Она писала заключение, когда дверь кабинета распахнулась без стука. В проеме стоял он.
Сергей.
Он был в строгом, почти военном темно-сером костюме, на лацкане – значок с логотипом «Комитета по биологической безопасности». В руках – планшет в ударопрочном корпусе. Он выглядел на три года старше. Не из-за морщин – их было не больше, чем раньше. Из-за взгляда. Взгляд был отполированным, как лезвие, и таким же холодным. В нем не было ни капли того тепла, той внутренней неуверенности, которую она иногда ловила в его глазах раньше. Теперь он был чиновником. Решающим проблемы.
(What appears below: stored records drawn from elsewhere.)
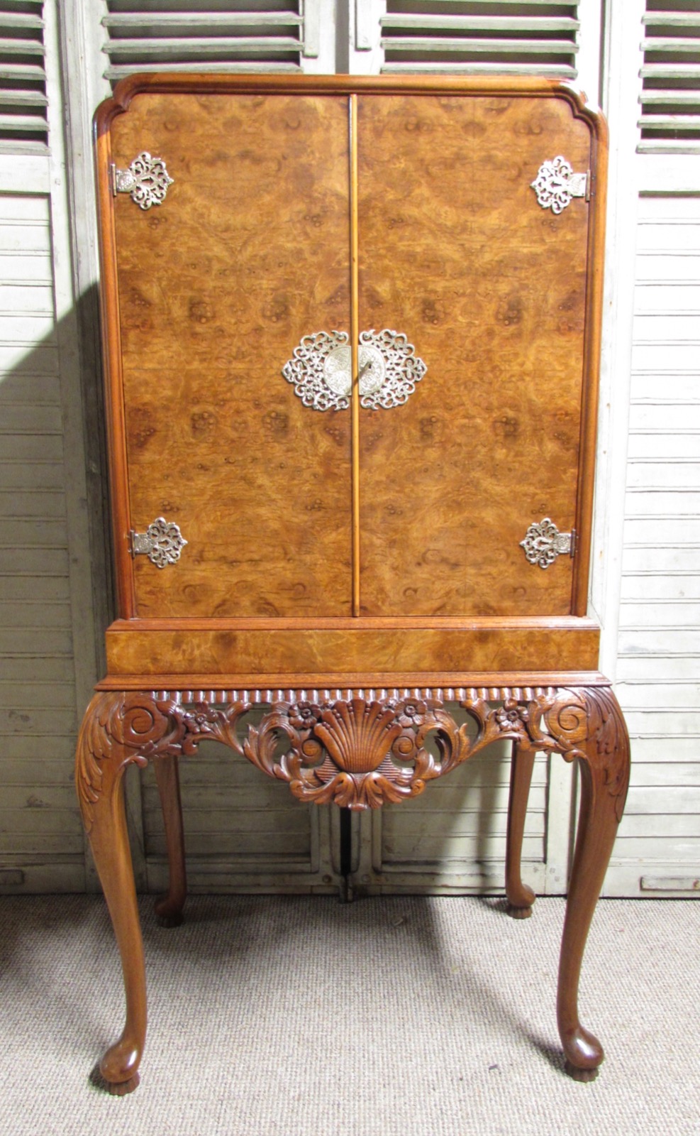 A very nice quality Drinks or Cocktail Cabinet, made from Walnut with excellent Burr Walnut to the front. The carved base is very well done and crisp and carved from solid walnut. The 2 doors open to reveal glass shelves and a mirrored slid that pulls forward to make your drinks on. The doors are lockable (key present) and the lock plate and hinges are another nice feature. She sits on Queen Anne legs.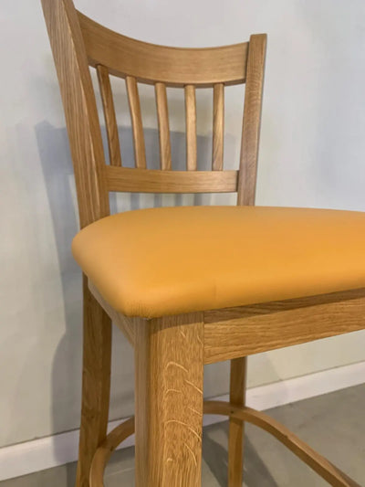 כסא בר מעץ אלון מלא בגוון טבעי בעיצוב כפרי.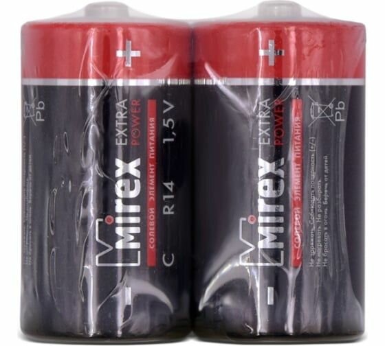 Батарея Mirex, солевая R14 / C 1,5V 2 шт shrink 23702-ER14-S2 информация: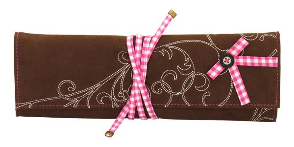 Cestovní šperkovnice Friedrich Lederwaren Bavaria 23328-9 hnědé barvy s růžovobílým interiérem, je vyrobena z veluru. Na vrchní straně pouzdra najdeme šitý vzor.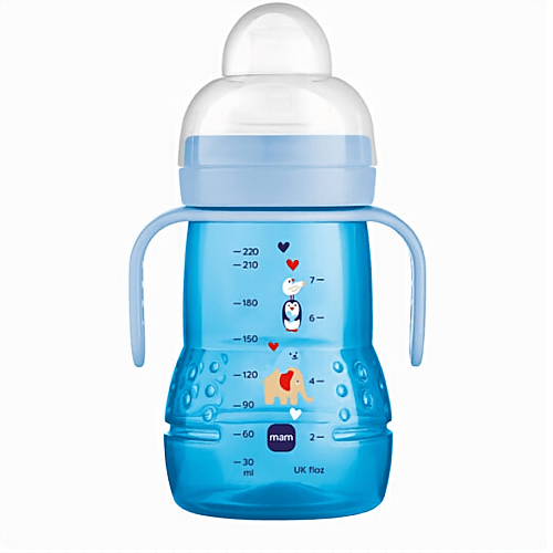 Μπιμπερό μετάβασης σε ποτηράκι. Το MAM Trainer+ είναι το ιδανικό μπιμπερό για το μωρό που αρχίζει να πίνει μόνο του. Δεν στάζει και είναι εύκολο στο κράτημα.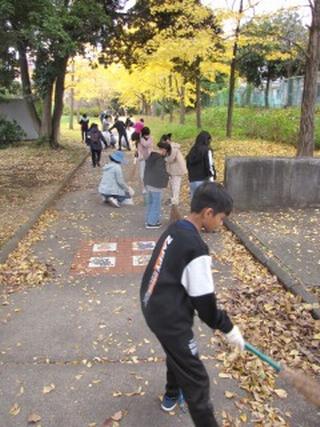全校児童と地域のおやじの会の方々と保護者のボランティアの皆さんで虹ヶ丘公園の清掃活動を行いました。

И она, видимо, была одной из таких проблем.
«Доктор Соколова, – произнес он ровным, лишенным интонации голосом. – Распоряжение комитета. С этого момента больница №23 переходит под особый режим функционирования. Все пациенты с диагнозом К-23 или подозрением на него изолируются в боксах седьмого этажа. Весь персонал проходит дополнительный инструктаж и получает допуск. Вход и выход – по спецпропускам». Он протянул ей планшет. «Ваша подпись здесь, здесь и здесь. Ознакомьтесь».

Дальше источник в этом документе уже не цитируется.